Apple spritzer with goutweed, bread with blossom finish or herb curd 2.0: With ingredients that you can find on almost every hike along the way, the touring break tastes twice as good. Here are the OutDoor Society recipes for foraging beginners


They grow on meadows, dirt roads and forest edges: nature is full of herbs which we can collect and eat ourselves on hikes. Many of the plants are anti-inflammatory, nutrient-rich and pain-relieving - and taste exceptionally good, as these five simple dishes show.
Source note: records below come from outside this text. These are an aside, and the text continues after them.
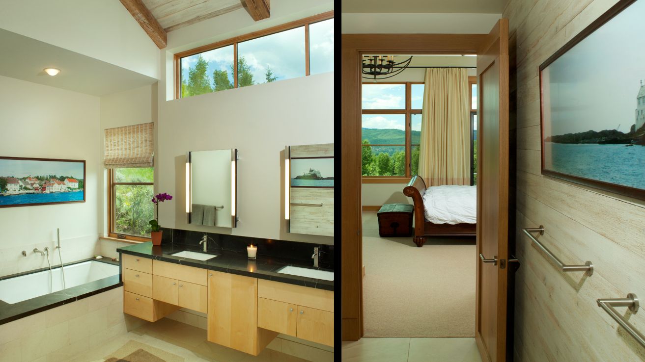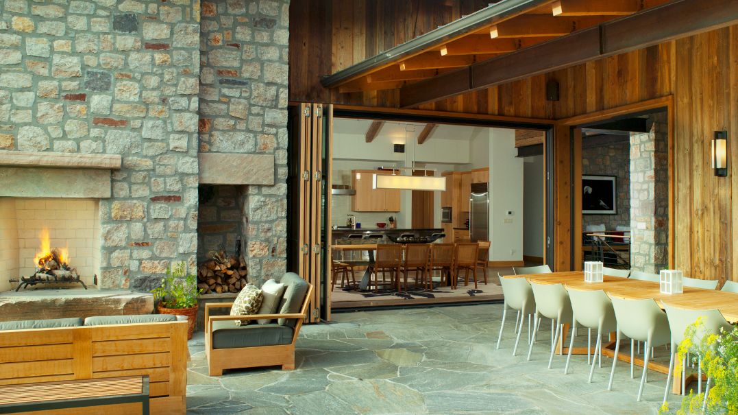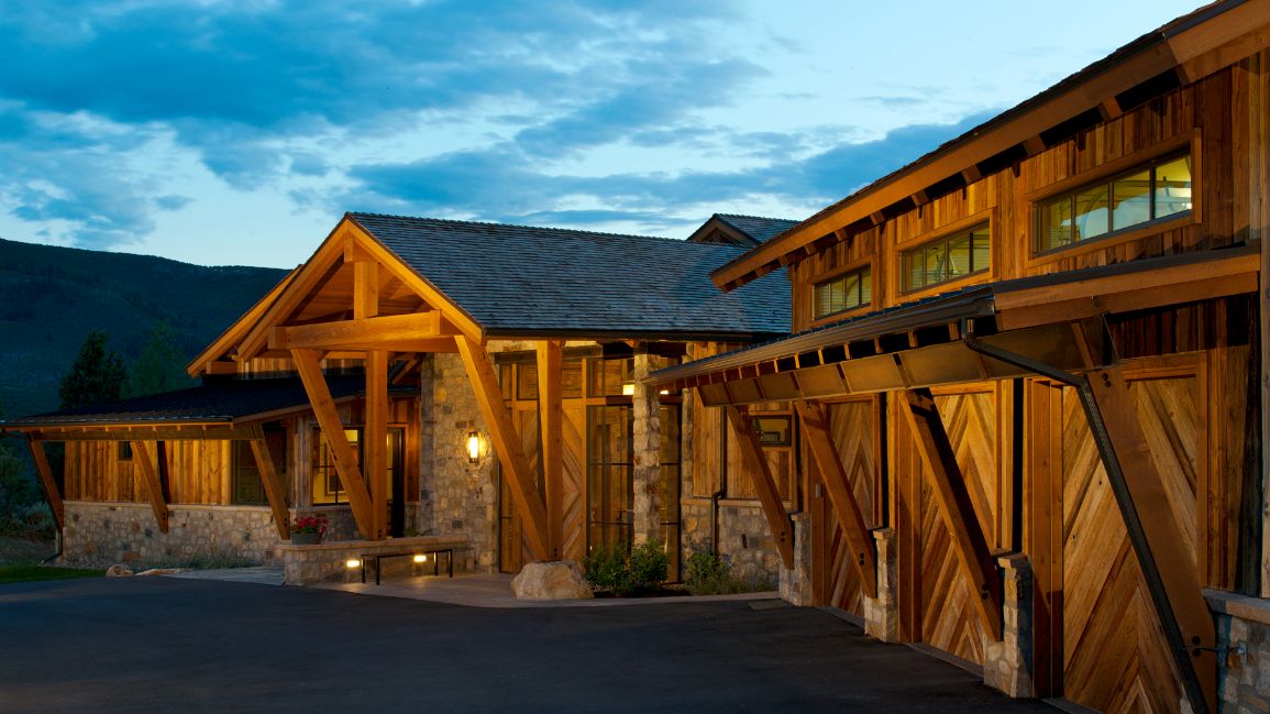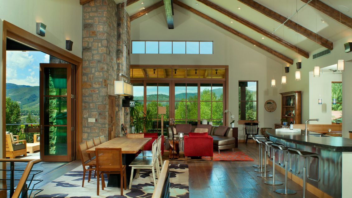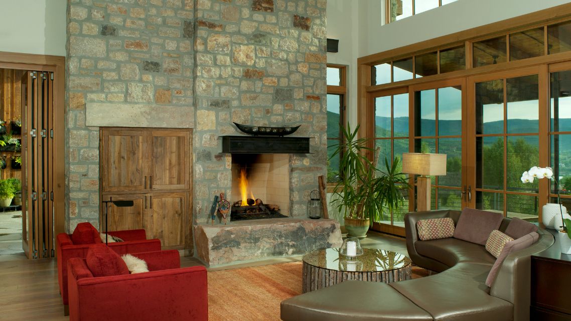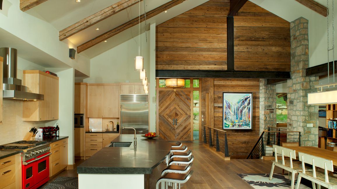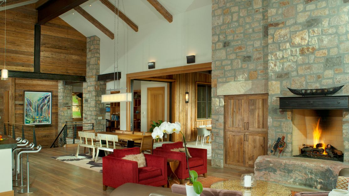 This 7,500 SF 6 bedroom LEED designed home is focused around a central stone covered courtyard with large sliding and accordion door systems which allow the interior rooms to flow out to the covered outdoor dining and seating areas as well as an outdoor fireplace. The home is configured of three wings with fire treated wood shingle roofs connected by low slope metal roofs which are rotated relative to each other better integrate the house into the site, reduce its mass, take best advantage of the views, maximize solar exposure for the PV and hot water solar panels on the master wing roof, and to create a more dynamic design. The palette of the exterior materials blends into the surrounding landscape and includes a local stone veneer, reclaimed weathered wood siding, large heavy timber supported roof overhangs for protection from the elements and sun, dark patinated exposed steel structural elements and steel railings throughout.
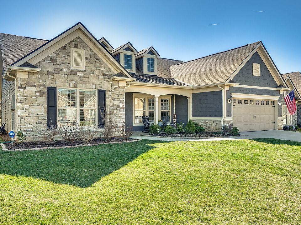Luxurious 3 bed/3 bath, all on main level,Tangerly Oak Model in Del Webb 55 + active adult community with sunroom, upstairs loft area, and large covered patio backing to lush private treeline with abundant wildlife viewing for the utmost in privacy. Gorgeous gas stone fireplace in great room. A dream kitchen with upgraded cabinetry, quartz countertops, soft close doors and roll out shelving, farmhouse sink, double ovens, gas cooktop, walk in pantry, and large island. Primary bedroom with tray ceiling and custom California Closet. Primary bath has separate tub/shower, tile floor, double sink vanity with a beautiful transom window allowing lots of natural light. Plantation shutters,crown molding, laminate wood floors, tile in bathrooms, high end light fixtures, sink in laundry, extra storage with built-ins and shelving in garage. Epoxy floor coating on garage floor and front porch. Entire home repainted. Over $200,000 of upgrades in this home. Extra space in garage for golf cart parking.
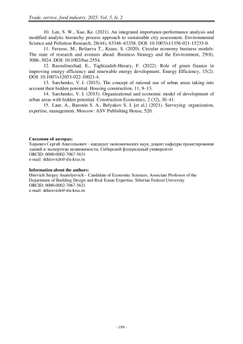 13. Сарченко, В. И. Концепция рационального использования городских территорий с учетом их скрытого потенциала [Текст] / В. И. Сарченко // Жилищное строительство. – 2015. – № 11. – С. 9–13.
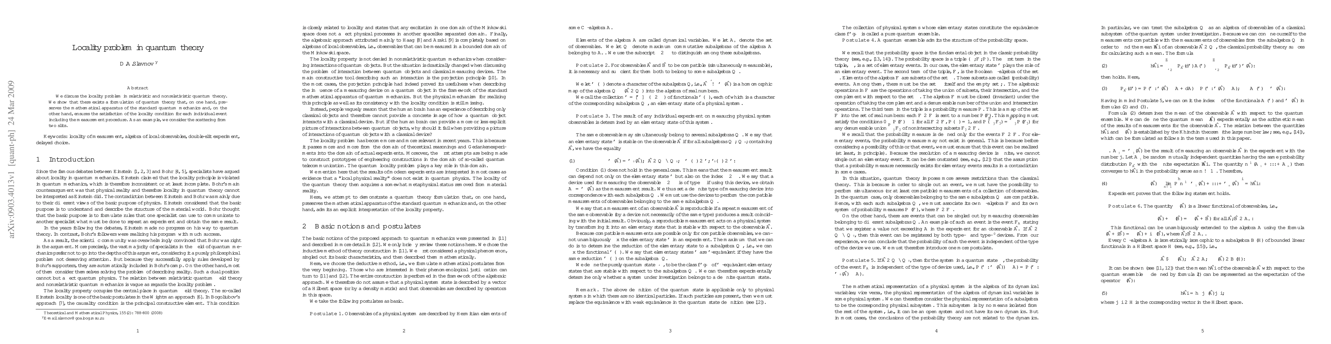 The paper discusses the locality problem in relativistic and nonrelativistic quantum theory, proposing a formulation that preserves standard quantum mechanics while ensuring locality for individual events, including measurement procedures. The example of scattering from two slits is used to illustrate this.
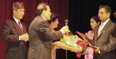 Dr. Binod Shah being honored by Parveen Chopra with the AAC USA Hall of Fame Award while Usha Chopra offers flowers to Mrs. Shah.
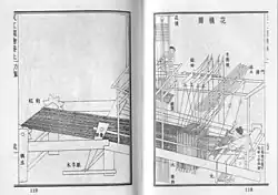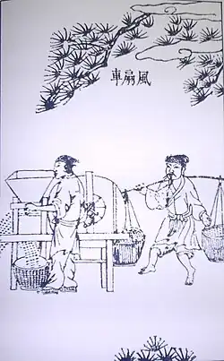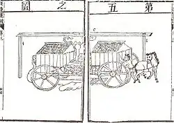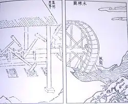 - Field mill: In the Yezhongji ('Record of Affairs at the Capital Ye of the Later Zhao Dynasty') written by Lu Hui (fl. 350 AD), various mechanical devices are described which were invented by two Later Zhao (319–351) engineers known as Xie Fei, a Palace Officer, and Wei Mengbian, the Director of the Imperial Workshops.[190] One of these is the field mill, which was essentially a cart with millstones placed onto the frame; these were mechanically rotated by the movement of the cart's terrain wheels in order to grind wheat and other cereal crops.[191] A similar vehicle these two invented was the "pounding cart", which had wooden statues mounted on the top which were actually mechanical figures who operated real tilt hammers in order to hull rice; again, the device only functioned when the cart was moved forward and the wheels turned.[191] The field mill lost its use in China sometime after the Later Zhao, but it was invented separately in Europe in 1580 by the Italian military engineer Pompeo Targone.[192] It was featured in a treatise by the Italian engineer and writer Vittorio Zonca in 1607, and then in a Chinese book of 1627 (concerning European technology) that was compiled and translated by the German Jesuit polymath Johann Schreck (1576–1630) and the Ming dynasty (1368–1644) Chinese author Wang Zheng (王徵 1571–1644), although by then it was considered by the Chinese to be an original Western contraption.[193]
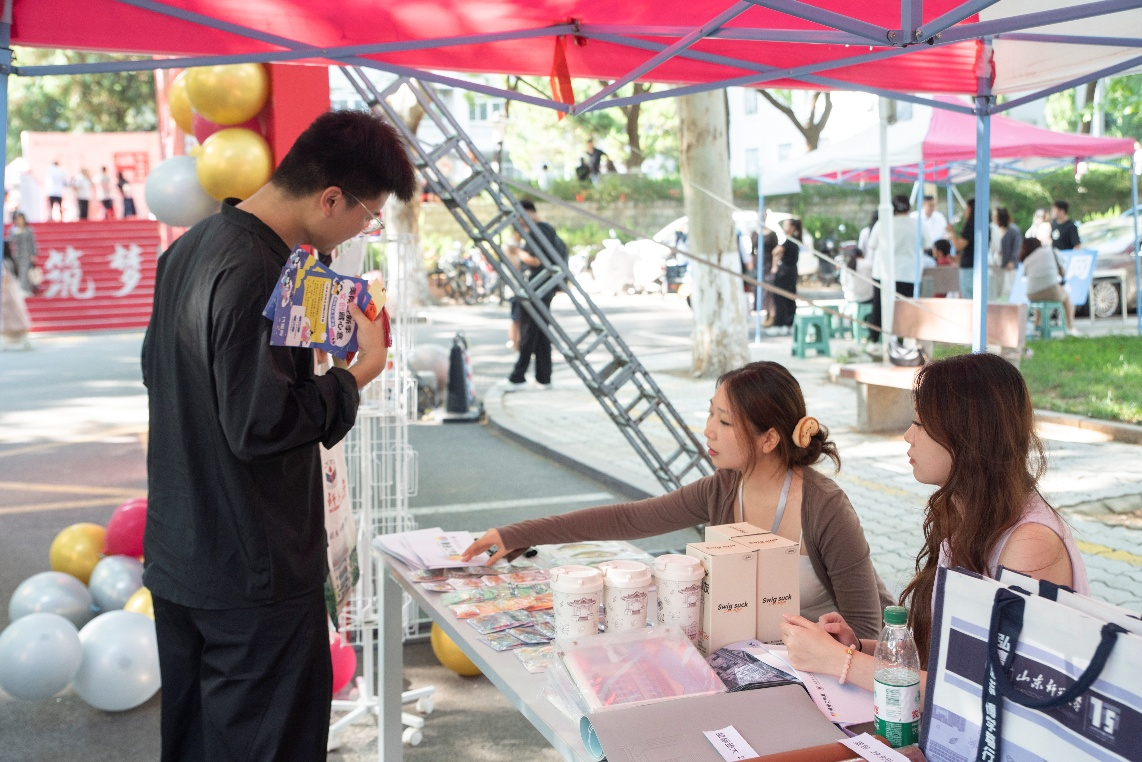 为了让新生更好地了解学院的社团文化,丰富课余生活,学院在迎新现场设置了社团展示区和融媒体中心原色工作室文创展示区。篆刻社、手绘社等各个社团纷纷拿出自己的“看家本领”,展示社团的特色和成果。新生们被这些丰富多彩的社团活动所吸引,纷纷驻足观看,现场气氛热烈非凡。
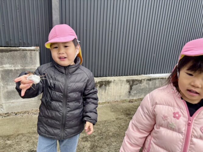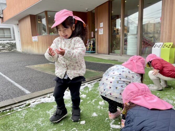 今日は朝から雪が降っていて子どもたちもウキウキな表情で登園してきてくれました![]()
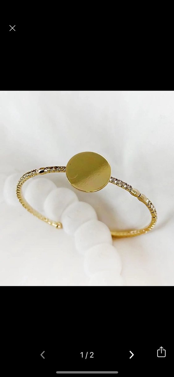 Parlak altın renkli kadın bileklik, boncuklu tasarımı ve düz yuvarlak merkezi ile klasik zarafet ve çağdaş minimalizmi yansıtıyor, düğünler için uygun. ✨
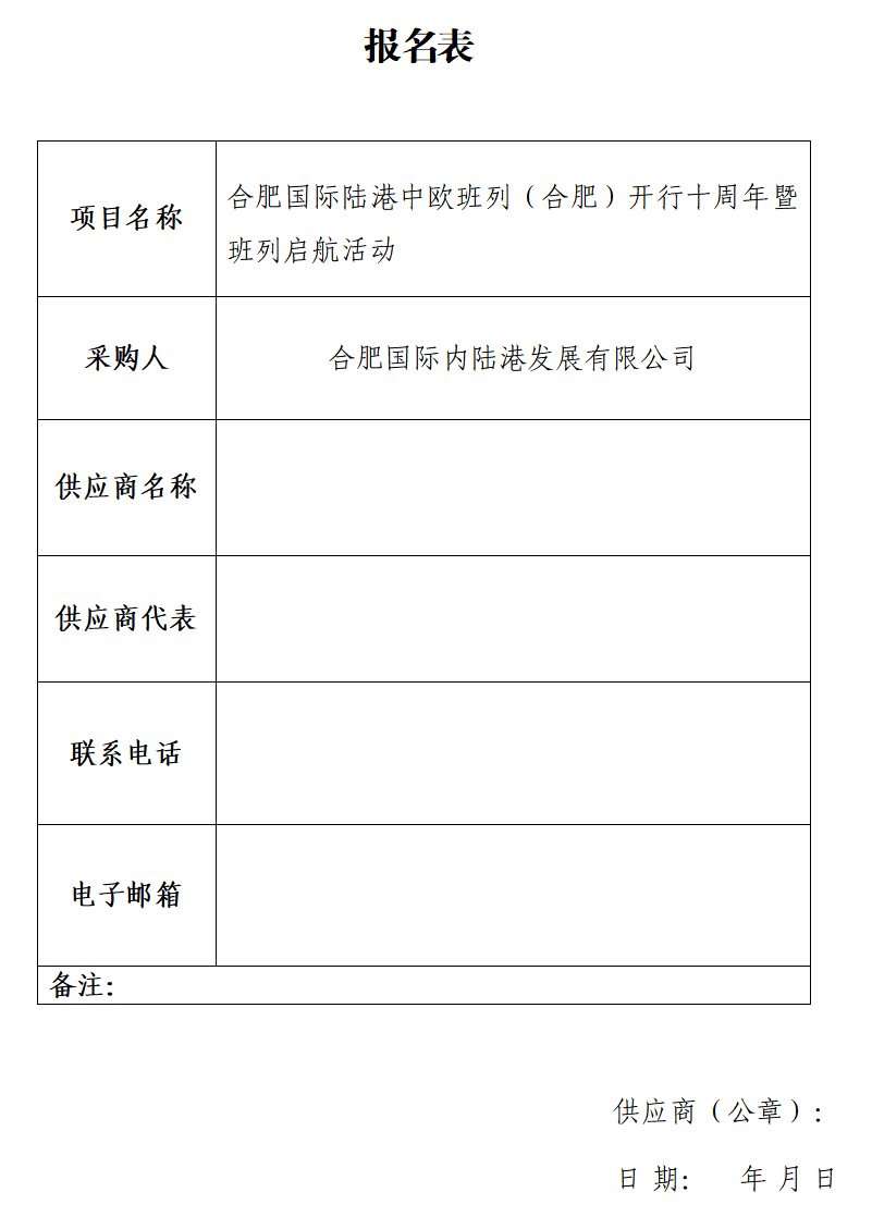 中歐班列作為“一帶一路”倡議的標(biāo)志性成果,得到世界廣泛響應(yīng),中歐班列(合肥)自2014年6月26日首次開通以來,已成為長三角及安徽省十六地市連接亞歐大陸的重要物流通道。合肥國際內(nèi)陸港發(fā)展有限公司擬舉辦中歐班列(合肥)開行十周年暨班列啟航活動,通過本次活動旨在回顧合肥中歐班列過去十年的發(fā)展成就,感謝廣大合作伙伴的支持和信任,同時展望未來發(fā)展藍(lán)圖,提升開放平臺對外影響力和市場競爭力?,F(xiàn)就該活動的方案策劃及舞臺設(shè)計搭建服務(wù)進(jìn)行詢價,歡迎具備條件的供應(yīng)商參加報價。

Tip: Take freezer bags with you when collecting herbs. Pick the herbs, place them in the bags, inflate and close it. So the plants stay fresh and do not crush in the backpack.

1
Selbstgemachte Kräuterschorle mit Apfelsaft

The Herb Spritzer

The ingredients:

  • Apple juice, approx. 0.75 litres
  • young leaves of goutweed, ground ivy and mint
  • 0.5 litre mineral water

The preparation:

Tie the herbs together on the stems, put them in the apple juice and leave the mixture alone for two to four hours. Then fill the brew with half a litre of mineral water. The natural spritzer is ready.

The herb facts:

Goutweed has been used since It has been used for centuries in folk medicine to relieve pain caused by rheumatism and gout. Ground ivy was considered a medicinal and magical plant by the Germanic peoples, later Hildegard von Bingen recommended the plant for external and internal use in states of exhaustion. The herb has an antioxidant effect - which, according to new studies, unfortunately has no inhibitory effect on sore muscles.

2
Delicious and healthy: butter and yarrow spread

Fresh Bread with Yarrow Butter
The ingredients:

  • Fresh slices of bread
  • Fresh butter
  • a handful of yarrow

The preparation:

Finely chop the yarrow and fold into the butter. Combine quantities according to need and taste. Lightly salt the mixture, leave it alone and spread on a slice of fresh bread.

The herb facts:

Yarrow flowers help against digestive disorders and are often used in steam baths to care for facial skin. The plant's essential oils also have an expectorant effect.

3
Schnell zubereitet: Brot mit Klee

Fresh Bread with Wood Sorrel
The ingredients:

  • slices of bread
  • Butter & Salt
  • a handful of young Wood Sorrel

The preparation:

Brush a slice of bread with fresh butter as desired. Then place the young wood sorrel on top and salt lightly.

The herb facts:

All parts of Wood Sorrel are edible. If you drink Wood Sorrel as tea, it has a fever-reducing, blood-cleansing and diuretic effect. But be careful: Wood Sorrel contains oxalic acid. That means don't eat too much of it.

4
Blütenbrot mit Klee und Gänseblümchen

The Fresh Blossom Bread
The ingredients:

  • fresh slices of bread
  • fresh butter
  • white and red clover
  • daisies
  • honorary prize
  • small brown cell

The preparation:

Brush the bread slices with butter and cover with the mixed herbs. Only use the flowers of the different plants. That's how it tastes best.

The herb facts:

Folk medicine likes to use daisies to treat everything: Skin diseases, headaches, dizzy spells, insomnia. The buds of the plant are suitable for caper replacement when pickled with acid. Ground ivy is antibacterial, detoxifying and helps with bronchitis. The small brown cell is mainly used in Asia as a traditional medicinal plant.

5
Brotzeit mit Naturkräutern: Belegte Brote, Kräuterquark und Kräuterbutter

The Herb Curd from the Hike
The ingredients:

  • curd
  • gout
  • dandelion
  • ribwort plantain
  • lemon, salt and pepper

The preparation:

Flavour the young leaves of goutweed, dandelion and ribwort with lemon juice, salt and pepper and leave to stand. Stir the mixture into the quark and season to taste.

The herb facts:

Ribwort has a cooling and pain-relieving effect on insect and nettle bites. Just grind the cabbage and apply to the sting. The herb is best collected between the beginning of April and the end of August in small meadows, fields or on field margins.